Mauro Bertini: a 75 anni, per effetto dell’insipienza della maggioranza, riesce ancora a monopolizzare i lavori. Lo fa con la complicità di un presidente dell’assise, Mimmo Paragliola, che gli dà la parola tre-quattro volte e ogni volta per 10-15 minuti. Tira fuori dal cilindro addirittura il nome di Marone, avvocato che il Comune di Marano sta ancora pagando (profumatamente) per le prestazioni professionali di qualche anno fa. Voto 2 per il contenuto delle sue proposte, a molti apparse border line. Voto 7+ perché ancora oggi sarebbe capace di vendere un igloo a un eschimese.

Teresa Giaccio: stucchevole il suo continuo riferimento all’operato degli ex commissari, che lei ritiene essere il grande male di Marano. I commissari, cara Giaccio, hanno fatto cose buone (canoni idrici, strade, abusi edilizi e commerciali) e cose meno buone, soprattutto sul fronte del personale comunale. Continuare a demonizzarli, però, non fa onore alla sua esperienza e qualità politica. Il marcio di Marano è ben altro: qualche politico, qualche dipendente comunale, i camorristi e i signori del mattone. Voto 4.

Enzina Carandente: cerca di difendersi dagli attacchi, dalle punzecchiature di chi le ricorda che annunciò al globo che il Comune aveva individuato una soluzione alternativa a quella paventata dai commissari. Ci mette la faccia, risponde e questo gli va riconosciuto.
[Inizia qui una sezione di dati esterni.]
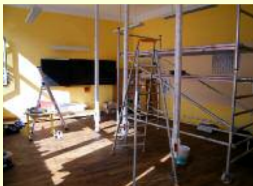
La nouvelle salle informatique de l'école élémentaire Wilson en plein travaux.

Ainsi à Algrange 7 bâtiments, 4 pour les écoles maternelles et 3 pour les élémentaires sont ouverts aux enfants de la ville. Chaque année la municipalité consacre un budget conséquent à la rénovation des locaux en question et de leurs abords. Cette année dans le cadre de la fusion des écoles rue Wilson ont été créés : une nouvelle salle de classe, une nouvelle salle informatique et une passerelle entre les deux écoles. De plus les couloirs de l'école élémentaire ont été rénovés.

Ma deve crescere, Enzina, e decidere da grande cosa fare. Voto 5–.

Mimmo Paragliola: gestisce il consiglio comunale e scontenta tutti: maggioranza e opposizione. Alla fine esplode, stremato dalle richieste e dalle critiche mosse anche dai suoi, e manda a quel paese in mondovisione l’assessore D’Alterio. Voto 4,5.

Francesco Taglialatela e Rodolfo Visconti: Se avessero parlato chiaro, fin da subito, con gli operatori del mercato, forse oggi non saremmo a questo. Hanno modificato piani e progetti in corso d’opera, comprendendo che un ente reduce da uno scioglimento per camorra non può produrre atti e procedure con la leggerezza tipica degli anni Ottanta e Novanta. Voto 4- per la prima parte. Voto 6,5 per il ravvedimento (forse) in corso d’opera. Il sindaco, inoltre, dovrebbe essere più deciso e più esaustivo nelle risposte.

Pasquale Albano. La mette sul piano tecnico, snocciola qualche dato, a suo dire impreciso, contenuto nella delibera di giunta. Pertinente qualche osservazione, ma troppo vago sul piano politico e un po’ troppo tendente al politichese. Voto 5.